The problem

Given an m x n integer matrix matrix, if an element is 0, set its entire row and column to 0s.

You must do it in place.

Examples

Input: matrix = [[1,1,1],[1,0,1],[1,1,1]]  
Output: [[1,0,1],[0,0,0],[1,0,1]]  


Input: matrix = [[0,1,2,0],[3,4,5,2],[1,3,1,5]]  
Output: [[0,0,0,0],[0,4,5,0],[0,3,1,0]]

Constraints

  • m == matrix.length
  • n == matrix[0].length
  • 1 <= m, n <= 200
  • -2³¹ <= matrix[i][j] <= 2³¹ - 1

Follow up:

  • A straightforward solution using O(m*n) space is probably a bad idea.
  • A simple improvement uses O(m + n) space, but still not the best solution.
  • Could you devise a constant space solution?

Brute Force Solution

func setZeroes(_ matrix: inout [[Int]]) {
    let rows = matrix.count
    let cols = matrix[0].count
    var mark: [[Int]] = []

    for r in 0 ..< rows {
        var row: [Int] = []
        for c in 0 ..< cols {
            row.append(matrix[r][c])
        }
        mark.append(row)
    }

    for r in 0 ..< rows {
        for c in 0 ..< cols {
            if matrix[r][c] == 0 {
                for col in 0 ..< cols {
                    mark[r][col] = 0
                }
                for row in 0 ..< rows {
                    mark[row][c] = 0
                }
            }
        }
    }

    for r in 0 ..< rows {
        for c in 0 ..< cols {
            matrix[r][c] = mark[r][c]
        }
    }
}

Explanation

We can solve this problem by declaring a copy of our input array.
The reason why we can’t do it in-place is because when we replace 1 in the last column with 0, we end up making the entire column filled with 0s, breaking the correct order.
This is why we use copy: when we make changes, we make them to our copy without breaking anything, and when we read, we read from our input array.

In the example

you can see that when we encounter 0, we are going to update the entire first row, and also update the entire column in our copy array.
We created copy because when we go to the next position and we see that it’s 1, we do not modify the column, because we have not read that value yet.

Next, we continue moving to the next position in our matrix and when we encounter 0, we set the entire row to 0, but in our copy we can see that we already did it for the middle value.

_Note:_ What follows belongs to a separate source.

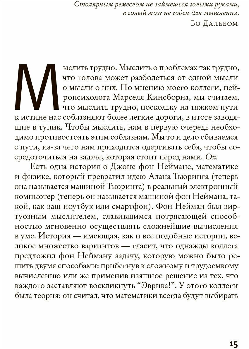В целом, данная книга будет интересна всем, кто заинтересован в улучшении своих навыков мышления. Независимо от того, являетесь ли вы студентом, профессионалом или просто человеком, который хочет мыслить глубже о мире вокруг себя, она представляет из себя источник идей, который поможет вам развить свое критическое мышление и делать более осознанный выбор. -
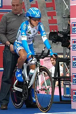 Later that year, he sailed to victory in stage 8 of the Giro d'Italia, attacking on the slopes of the Colle Molella, 7 kilometres (4.3 mi) away from the finish. His nearest pursuant, Spaniard Beñat Intxausti of Movistar Team, completed the stage with a 23 seconds deficit on Pozzovivo.[29] He finished the Giro eighth overall, being always very competitive in the mountain stages. In June, Pozzovivo prevailed in the queen stage of the 2.1 rated Tour of Slovenia, a 219 kilometres (136 mi) course peppered with climbs. Pozzovivo broke away with Janez Brajkovič of Astana and somewhat surprisingly, beat Brajkovič in the sprint.[30] With that operation, he took the overall classification leader's jersey thanks to a six-second lead over Brajkovič, but lost it the next day in the individual time trial, where Brajkovič bested him by ten seconds. Pozzovivo had to settle for the second place of the Tour.[31]

Lastly, we go to our last position, and we can see that it is 0, so we are going to set the entire column to 0, and we are going to set the entire row to 0 in our copy.

You can see that in this solution we have a lot of repetitive work; therefore, we can prevent this from happening.

Time/ Space complexity

  • Time complexity: O((m*n) * (m+n))
  • Space complexity: O(m * n)
  • where m is the number of rows, and n is the number of columns

Iteration Solution

func setZeroes(_ matrix: inout [[Int]]) {
    let ROWS = matrix.count
    let COLS = matrix[0].count
    var rows = Array(repeating: false, count: ROWS)
    var cols = Array(repeating: false, count: COLS)

    for r in 0 ..< ROWS {
        for c in 0 ..< COLS {
            if matrix[r][c] == 0 {
                rows[r] = true
                cols[c] = true
            }
        }
    }

    for r in 0 ..< ROWS {
        for c in 0 ..< COLS {
            if rows[r] || cols[c] {
                matrix[r][c] = 0
            }
        }
    }
}

Explanation

We can improve the brute force solution’s time and space complexity by only allocating additional row and column arrays to keep track of what we need to update.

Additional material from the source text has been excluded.